Amplifier power output is a much abused term, and there have been wildly exaggerated claims from all sorts of amplifiers in the past. Information on the manufacturers web site is vague, and device is smaller than one would expect
With only a 12 volt power supply, delivering 120 W or even more as an option offers, would need some pretty high audio currents through the speaker wires, and possibly more heat dissipated by the amp than its size could cope with.
I would only caution that this level of power should be installed and checked by a car audio professional; also he might be able o say more than I dare on a public web-site.
I do not want to say any more on a public site.
 
120 Watts audio will require aspeaker the size of yur spare wheel, and the result in a P6 cabin would be disorientating and painfully deafening, and dangerous as the driver would not be able to hear ay external traffic warning sounds.
Electronically, controlling 120 W will generate a lot of heat and need substantial heatsinks. Heavy duty wires to the speakers and good connections all round.

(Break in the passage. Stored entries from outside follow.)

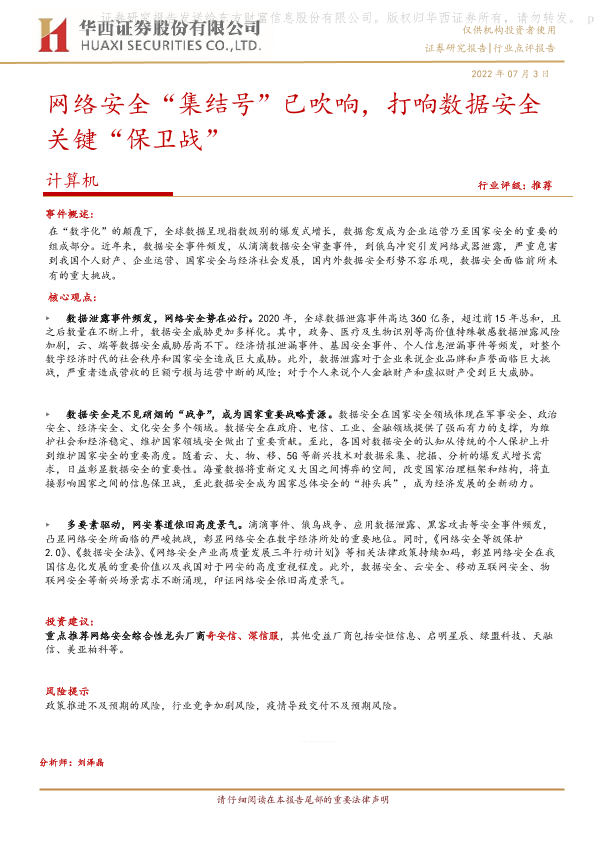 【华西证券】【20220703】网络安全“集结号”已吹响,打响数据安全关键“保卫战”-4页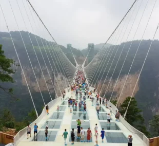 Glerbrúin í Zhangjiajie. Það er ekki fyrir hugdeiga að ganga þarna yfir.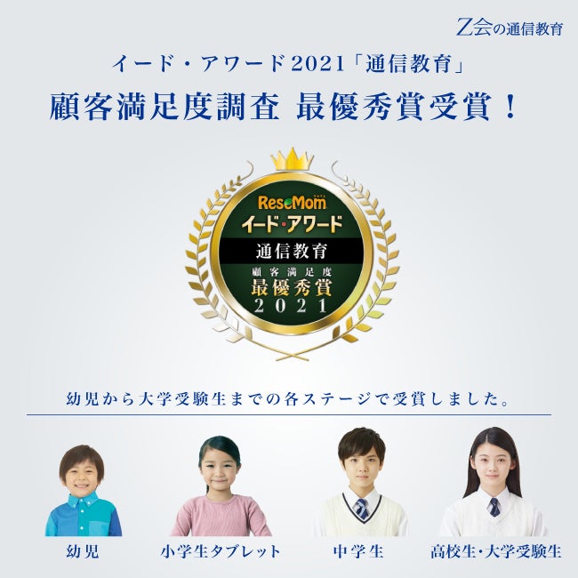 株式会社増進会ホールディングス(Z会グループ)のグループ会社である株式会社Z会は、株式会社イードが発表したイード・アワード2021「通信教育」顧客満足度調査で、幼児・小学生(タブレット)・中学生・高校生の各ステージにおいて最優秀賞を受賞しました。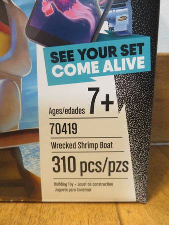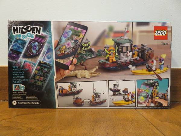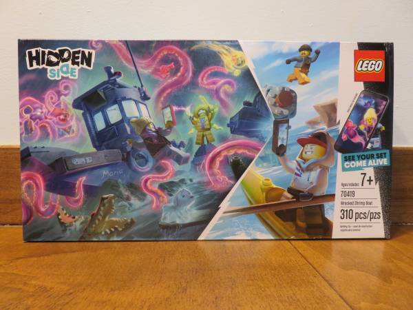 Description: This listing is for one LEGO Hidden Side 70419 Wrecked Shrimp Boat building set from LEGO. This set was available starting in 2019 and is now retired. This set contains a total of 310 pieces. There are 4 minifigures included and the versions of Captain Jonas and Jonas Jr are currently unique to this set. It is in the original packaging and has never been opened. LEGO item number is 6250492. Note that the LEGO app noted in the official description may no longer be available for download.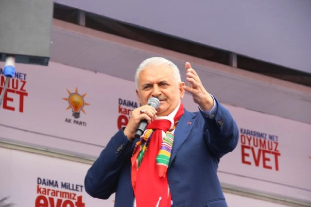 Başbakan Binali Yıldırım, terör örgütlerinin referandumdan 'hayır' çıkması için adeta kendilerini parçaladıklarını ama başaramayacaklarını söyledi. Yıldırım, ''Evet çıkarsa biz biteriz' diyorlar. Evet çıkacak, siz de biteceksiniz' dedi.

A domestic TV at full volume might put out 1-2 Watts; do you really need more than 5 times this sound??
 
Hi Robin, i agree, can't be done with music that drowns everything out by being so loud. Regardless of the car I'm driving or the music system it's never very loud with me. I think the ratings of car stereo are likely exaggerated, and regardless, that's the max output, unlikely to be there on the dial in normal use, a bit like the max speed on the speedometer, it's there in black and white, but never reached, and even the thought is terrifying!
 
Max rating is like horsepower for engines. You don’t drive a car at full load all the time, but you want enough to make it comfortable in its normal range. Unless you drive a Corsa.